Reproduce the listing exactly and skip over any pictures.

Input data below:

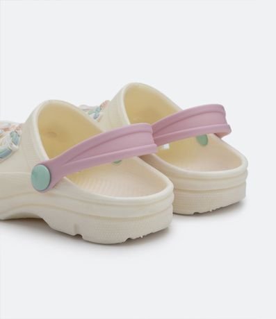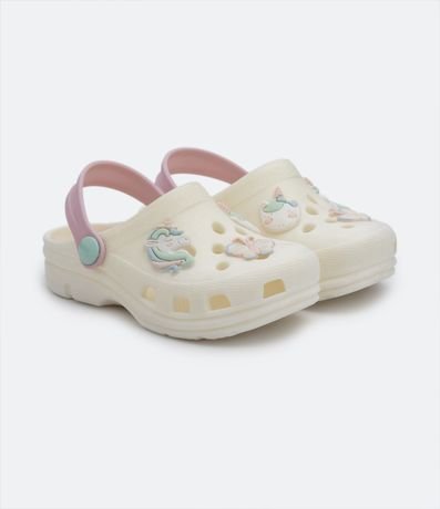 Sandália babuche infantil com bico redondo, tira contrastante e patches de unicórnio e borboletas.
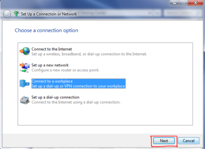 In the appeared window select “Connect to a workplace“, click “Next“.
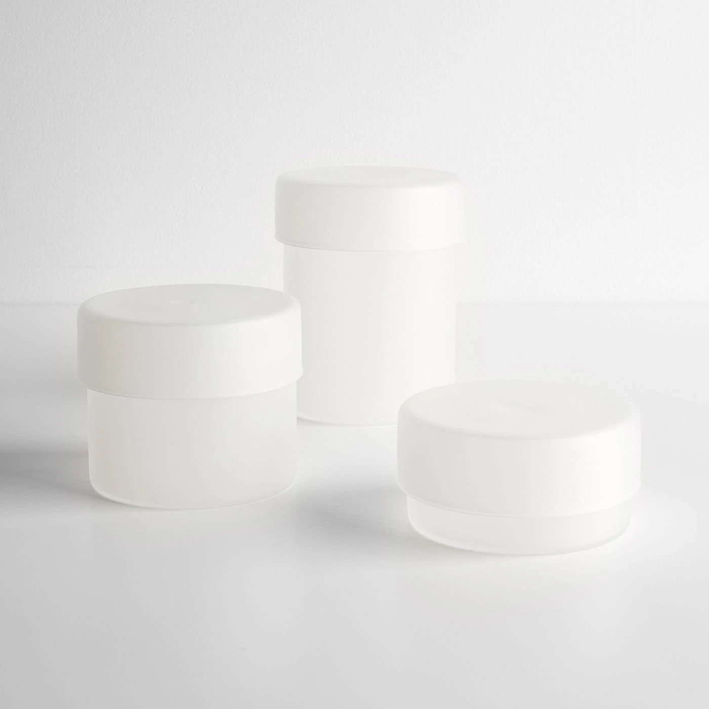 The Schale Frost Medium Glass Case streamlines home and office storage. The softly rounded edges and smooth glass add a sophisticated touch to a shelf, cabinet, pantry, desk or countertop. The frosted white translucent surface partially conceals the items inside, allowing only hints of the contents to show through. Standing just over 3.5″ tall and made from heat-resistant glass, this case is perfectly sized to store dry goods and food or used as two open containers for small items of all types.
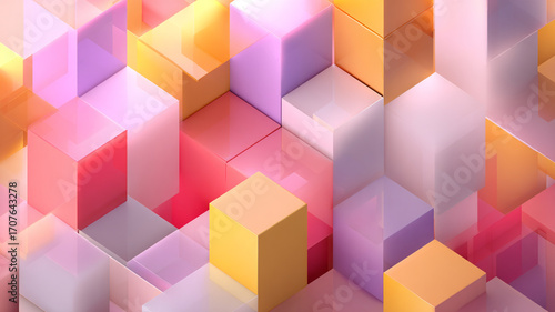 © Yuwarin, Obraz premium Abstract geometric background with 3D cubes

End of Input data.

Written response =>
 Sandália babuche infantil com bico redondo, tira contrastante e patches de unicórnio e borboletas.
 In the appeared window select “Connect to a workplace“, click “Next“.
 The Schale Frost Medium Glass Case streamlines home and office storage. The softly rounded edges and smooth glass add a sophisticated touch to a shelf, cabinet, pantry, desk or countertop. The frosted white translucent surface partially conceals the items inside, allowing only hints of the contents to show through. Standing just over 3.5″ tall and made from heat-resistant glass, this case is perfectly sized to store dry goods and food or used as two open containers for small items of all types.
 © Yuwarin, Obraz premium Abstract geometric background with 3D cubes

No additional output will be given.